Offinso has several government-owned and private Primary and Junior High Schools; Offinso is also home to the Offinso Training College (OTC) now Offinso College of Education, Jones Polytechnic, Dwamena Akenten Senior High School, Namong Senior High Technical School, St. Jerome Senior High School, The Bible Baptist Missionary Association of Africa Bible School (Agyeimpra, Offinso) and the St. Patrick's Midwifery Training School (Maase - Offinso). There is also a technical school at Amoawi, a suburb of Offinso.

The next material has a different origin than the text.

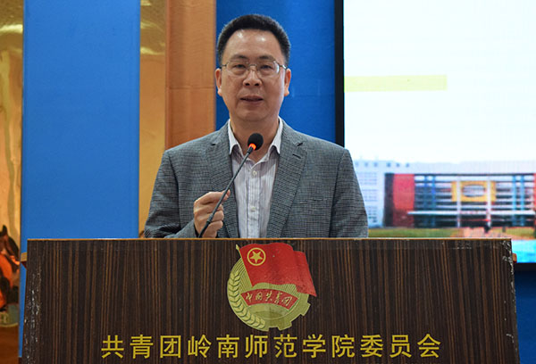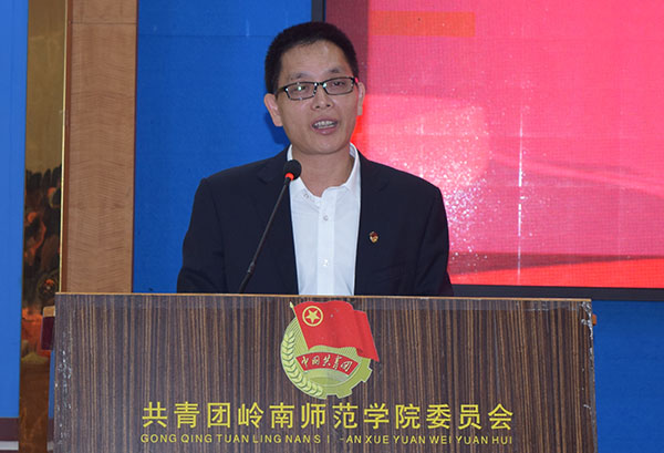 郭和才传达了上级相关会议精神 ,并对去年工作作了总结和对本学期作了工作安排。他对我校在2015年取得的优秀成果给予高度肯定,并从四个方面对上学期的工作作了简单的总结。一是夯实团组织工作基础,以“第十三期团校培训班”及“活力在基层”“基层团支部活力提升工程”为学习平台,践行“四进四信”精神。郭书记提到,我校在上一学期荣获全国“三下乡”社会实践优秀组织等市级以上870多项集体奖项。团建宣传网络舆论平台“岭师青年”等也多次进入全省排行榜前15名。二是科研竞赛、“岭南创业论坛”引领创新创业之路。我校在广东省第十三届“优胜杯”、全国第十四届“挑战杯”竞赛中屡创佳绩。三是文体建设放光彩,成功举办第二十三届文体艺术节、五月风社团文化节等,彰显校园文化好气象。四是志愿服务贡献突出。特别是在第十四届省运会和第七届残运会中,我校的志愿服务均表现得非常出色。此外,我校的“曦望”社会实践队也获2015年全国大中专学生“三下乡”社会实践活动优秀团队。

The University of Education, Winneba has planned to open a campus at Offinso. 

A two-storey library complex has also been built in Offinso to assist students of this town in their studies.

Some of the Primary and Junior High Schools are Offinso State 'A' JHS (public), OTC JHS (public), Abofour New Life Int. School (Abofour - Offinso), Blessed Child School (private), King Solomon Int. School (private),Offinso State 'B' JHS (public), Offinso State 'C' JHS (public), Immaculate Heart Preparatory (private), Future Island School (private), Osei Sarpong International School (Private), Namong Methodist JHS (Public), Agyeimpra Methodist Primary School (Public), Dominican International School (Private) etc.

Politics

List of traditional rulers
The town is ruled by the ɔmanhene (the paramount Chief) and his sub chiefs. Below is the list of rulers of Offinso since its founding in the 16th century.

 Nana Foroben Twea 1540-1556 
 Nana Amponsa Kwatia 1556-1580 
 Nana Abena Boa ( Woman ) 1580-1630 
 Nana Dankwa Gyeawowa 1630-1660 
 Nana Dwamena Akenten I 1660-1701 
 Nana Wiafe Akenten I (also known as Nana wiafe Kofi or Wiafe Kwagyan.) 1701-1730
 Nana Wiafe Taapem   
 Nana Amponsah Akyiano 
 Nana Yankyera Korkor 
 Nana Naka Abigi 
 Nana Gyan Frimpong 
 Nana Nyankomago Yaw 
 Nana Yaw Ofeh (During his reign, Abofuo Mmie and other gods were founded.) 
 Nana Kwaku Dwoma 
 Nana Kwadwo Appiasei 
 Nana Kwadwo Appiah (also known by the name Nana Kwadwo Kwahu) 
 Nana Yaw Berko 
 Nana Kofi Kessie 
 Nana Kwabena Konadu 
 Nana Kwame Duodu 
 Nana Kwabena Opoku (Known to have built the Offinso palace at Tutuase.) 
 Nana Kofi Boateng (Also known by the name Nana Kofi Minkah.) 
 Nana Kwabena Wiafe (Also known  by the name Nana Kwabena Sanwo Ansah, he was enstooled twice as Offinsohene.)
 Nana Wiafe Akenten II 
 Nana Wiafe Akenten III

MPs and MCEs
Offinso also has a Municipal Chief Executive who is  appointed by the president of Ghana.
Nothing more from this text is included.